Amortised analysis says it’s \(O(1)\), as if these inevitable \(O(N)\) cases can just be ignored. This is where the critically minded among us start raising at least one eyebrow.

Don’t believe in magic? Believe in the magic money printer!

There is this trick in amortisation called the accounting method. It is explained something like this: when you perform an operation on the list, don’t just count the cost of that operation, but pretend that it has an invisible extra cost, which you keep as “credit” tied to the data structure. And then, when the time comes to do one of the expensive resizing operations, these “credits” can be “used” to bail out the expensive operation and pretend like it “was actually already accounted for”.
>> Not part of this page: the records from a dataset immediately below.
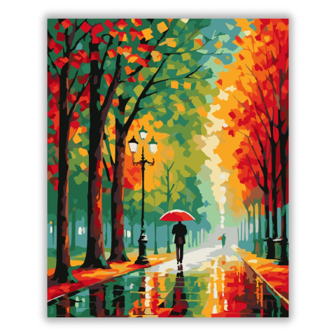 Őszi Színek Séta - számfestő készlet – 40×50 cm (Keret nélkül) A festmény egy magányos alakot ábrázol piros esernyő alatt, egy lámpákkal megvilágított úton, amit élénk színű fák szegélyeznek. A rubin, borostyán és smaragd színek meleg hangulatot teremtene
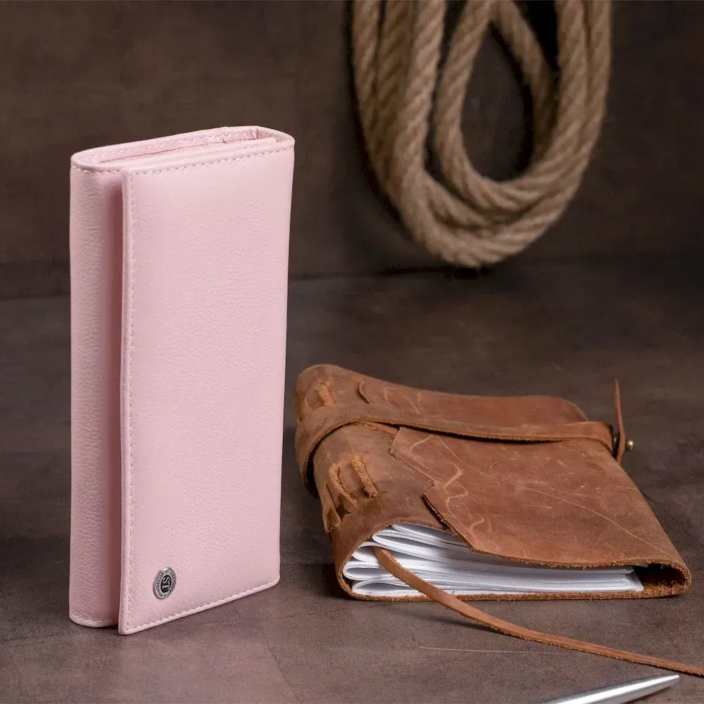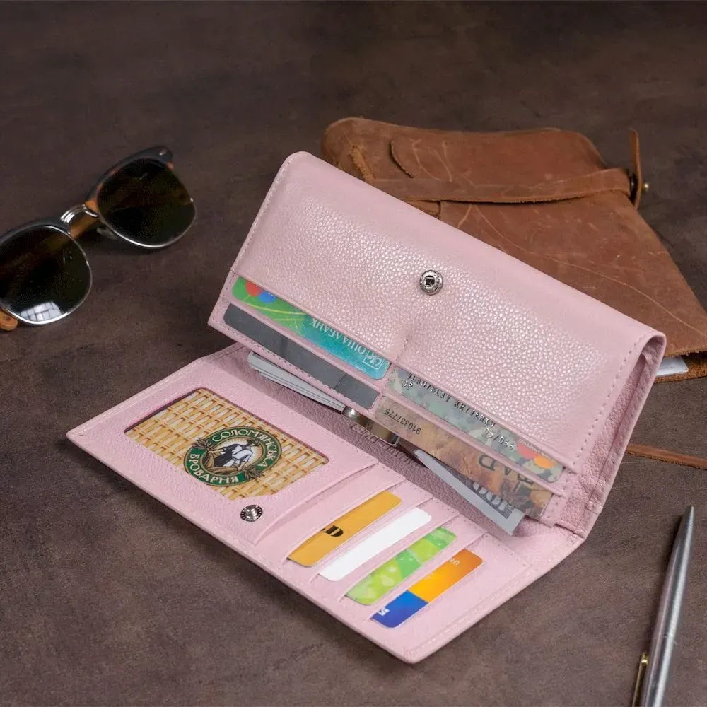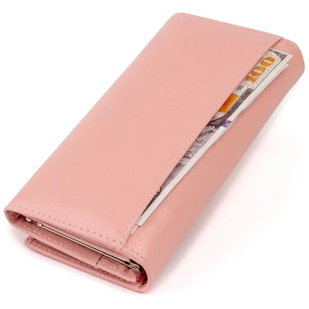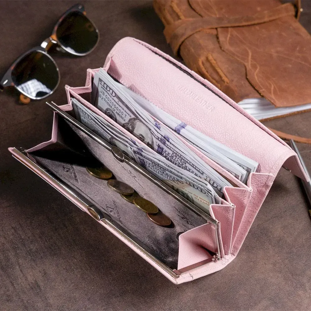 Гаманець шкіряний з механічною монетницею жіночий ST Leather 19277 Рожевий
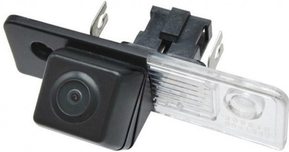 OEM barevná parkovací kamera pro instalaci do lampy pro osvětlení zadní registrační značky. Součástí kamery je místo pro umístění patice se žárovkou z původního světla pro registrační značku.
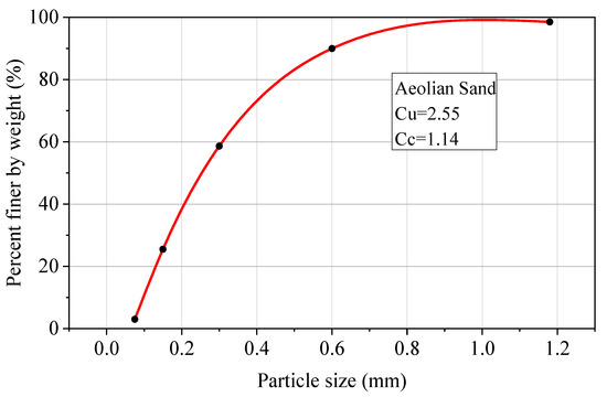 The aeolian sand used in this research came from the stockyard in Tacheng, Xinjiang. The density of gravel was 2.5 g/cm3.The distribution of the particle size of the aeolian sand is shown in Figure 1. The particle size distribution generally refers to the percentage of particles with different sizes in the total particles in the powder sample reflected using specific instruments and methods. In this investigation, the particle size distribution of aeolian sand was determined using a sieving method, according to GB/T50123-2019 [36]. It was between 0.075 and 0.6 mm, and its content was as high as 90%. From this figure, it could be understood that the number of particles larger than 0.6 mm was very low and the particles smaller than 0.075 were less than 3% of the total. Referring to soil mechanics, soil with an uneven gradation coefficient Cu > 5 and curvature coefficient (Cc) of the gradation curve in the range of 1 to 3 is well-graded [37]. The Cu of the investigated aeolian sand was 2.55. Therefore, based on the mentioned classification method, the aeolian sand was categorized as poorly graded sand.
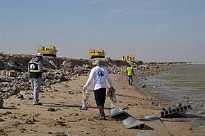 واوضح ان الفريق البيئي المشترك سيستكمل عمله غدا بتنظيف الساحل بأكمله نظرا لقدوم المد العالي خلال الايام المقبلة والذي سيؤدي الى استقرار هذه المخلفات في قاع الجون مسببة ضررا لمواطن بيوض الاسماك والروبيان ان لم يتم رفعها.
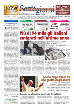 19 Ottobre 2014 numeri del settimanale Settegiorni Settegiorni n. 34 del 19 ottobre 2014 Clicca qui per leggere il numero in formato PDF CONDIVIDI SU
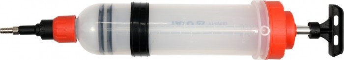 Strzykawka do odsysania płynów w pojazdach napędzanych benzyną lub olejem napędowym. Wykonana z wysokiej jakości materiałów, co powoduje, że jest szczelna i zapobiega rozlaniu paliwa. Przezroczysty korpus strzykawki umożliwia kontrolę wysysanych płynów.
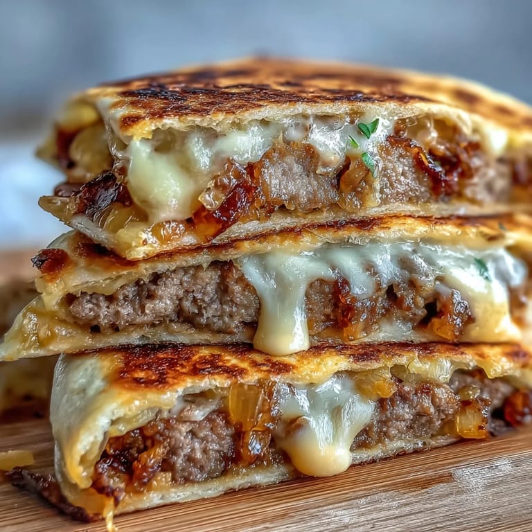 Pin It My roommate walked in while I was flipping burger patties inside a tortilla and said it looked like a beautiful accident. That's exactly what this recipe is: a collision of a smashburger and a quesadilla that somehow works better than either one alone. The tortilla gets golden and buttery, the patties stay thin and crispy, and the cheese does that gooey thing that makes you fold the whole wedge in half just to keep it together. I made it on a Tuesday night with whatever was left in the fridge, and now it's the thing I crave when I want comfort food that doesn't feel like I'm trying too hard. It's messy, it's indulgent, and it's absolutely worth the griddle cleanup.
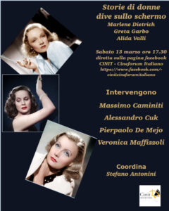 Si parlerà di tre grandi dive del cinema: Marlene Dietrich, Greta Garbo e Alida Valli. Interverranno, dopo i saluti di Massimo Caminiti, presidente del Cinit, Veronica Maffizzoli, direttrice del Garda Film Festival, giunto alla 14° edizione, Alessandro Cuk, autore del libro “Alida Valli – Da Pola ad Hollywood e oltre”, e Pierpaolo De Mejo, attore, regista e nipote di Alida Valli.
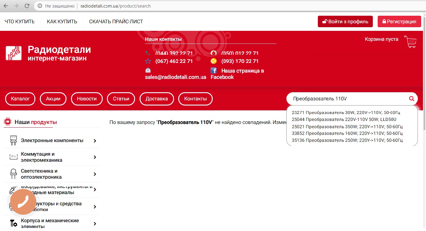Да-да, точно буквальный. По запросу "110v" нужных устройств не находит, а по "Преобразователь 110v" - "не найдено", хотя в списке(до нажатия enter) они мелькают. И думай потом это ты слово не угадал или товара такого нет
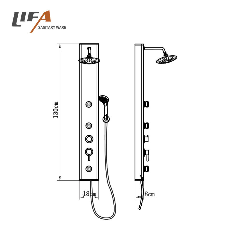 新しいリスト防水モダン多機能PVC壁シャワーパネルジェット付きCF-7006モデルCF-7006素材PVCシャワーパネルヘッドシャワークロムプラスチックヘッドシャワー手シャワー多機能クロムプラスチック手シャワーシャワーホルダークロム仕上げ、プラスチックシャワーホルダーマッサージジェットクロム仕上げ、プラスチックマッサージジェットカートリッジ真鍮ボディセラミックプレート寿命:500000回ハンドルダイバター用1つ、ミキサー用1つ、クロム亜鉛編組ホース304#ステンレス鋼ワイヤー編組ホースシャワーホースステンレス鋼ダブルロックホース、1.5M取り付けキットステンレス鋼吊り具
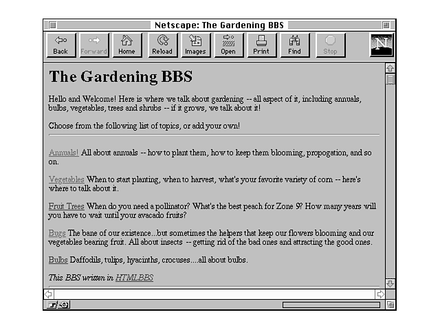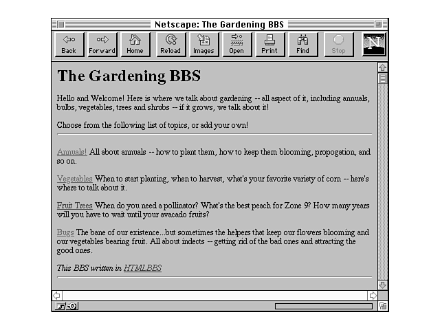 When you first enter the top level of the gardening BBS, you will get the page shown in Figure 22.24.
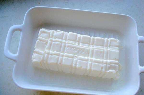 做法:1、豆腐撕去表面塑料膜,扣在盤中。扣出的豆腐劃成小方塊,控去水份放入深一些的盤中(內酯豆腐含水量比較高,一定要提前空出水份,不然蒸的時候會出更多的湯汁,會把味道沖淡)。
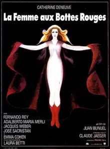 The Woman in Red Boots (French: La Femme aux bottes rouges; Italian: La ragazza con gli stivali rossi; Spanish: La mujer con botas rojas) is a 1974 fantasy comedy-drama film co-written and directed by Juan Luis Buñuel.[1][2] The film stars Catherine Deneuve as a beautiful young writer with the power to make her wishes reality whose life becomes entangled with the plots of the wealthy art patron Perrot, played by Fernando Rey. The film is highly surrealistic and tinged with a meta-narrative, with the characters roughly representing divisions of the art world: the raw creative power of young Françoise, the heroine who has nearly unlimited potential; the cynical manipulation and distant intellectualism of the elder Perrot; and the middle-aged Marc (Adalberto Maria Merli), trapped in the middle and forced to choose.[3]
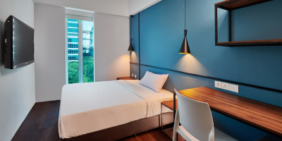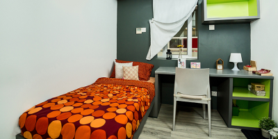 U Residence是由Taylor's Hostel Management经营的旗舰校内宿舍。这栋 6 层高的建筑拥有 890 张床位,分布在 128 间公寓和 116 间独立的套房单元中,所有房间都布置高雅,配有床、床垫、衣柜、学习桌椅。 Ruemz 房间类型及租金 01 套间单人间
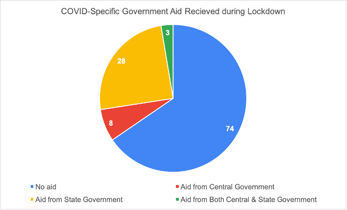 When asked why the state didn’t help, most respondents said that almost all government aid – mostly referring to ration – was provided to those migrant workers who had returned to their native villages and hometowns during the lockdown. Those who stayed back were largely ignored and left to fend for themselves or receive support from non-state actors. Moreover, anyone who managed to receive some aid criticised the state for doing too little too late. The figure below has more details.
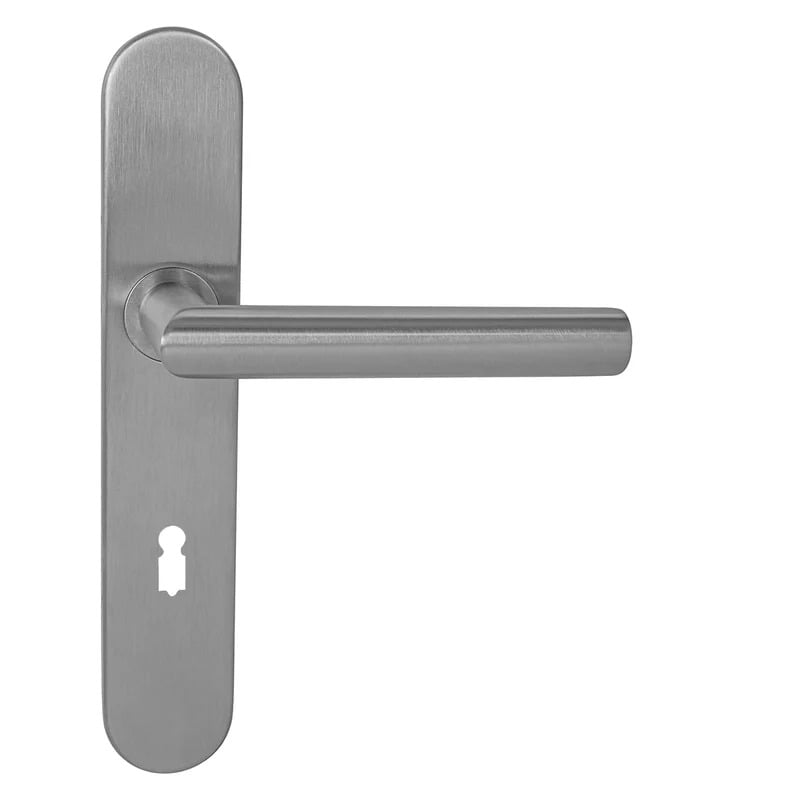 Štítová klika na interiérové ​​dveře s dlouhým oválným štítem je vyrobena z vysoce kvalitní nerezavějící oceli, známé jako nerez a je povrchově upravena. Dlouhý oválný štít má rozměry 42 mm x 236 mm.

Yet, this begs the question: if I can just spawn in invisible “credits” to reduce \(O(N)\) to \(O(1)\), what’s stopping me from reducing any complexity to \(O(1)\)? If we have an infinite money printer, why not just print more money?! In other words: to believe in the magic ability to reduce \(O(N)\) to \(O(1)\), you have to believe in a magic money printer that should clearly have certain limitations, but coincidentally, we gave it just enough freedom to justify our claim that \(O(N)\) can become \(O(1)\). There clearly has to be a better explanation for this credit system and why a cost of \(O(N)\) can evaporate.

Where’s the trick?

The accounting method is not wrong. It just doesn’t explain where credit comes from; in complexity analysis, there actually is a place where complexity is not counted, and thus, if we can throw the cost of an operation into that black hole, we can similarly not count it and it would be justifiable like any other time we don’t count there.

Consider this question: assuming we reserve so much stack memory that we never have to resize it, can I fill it with \(O(1)\) cost?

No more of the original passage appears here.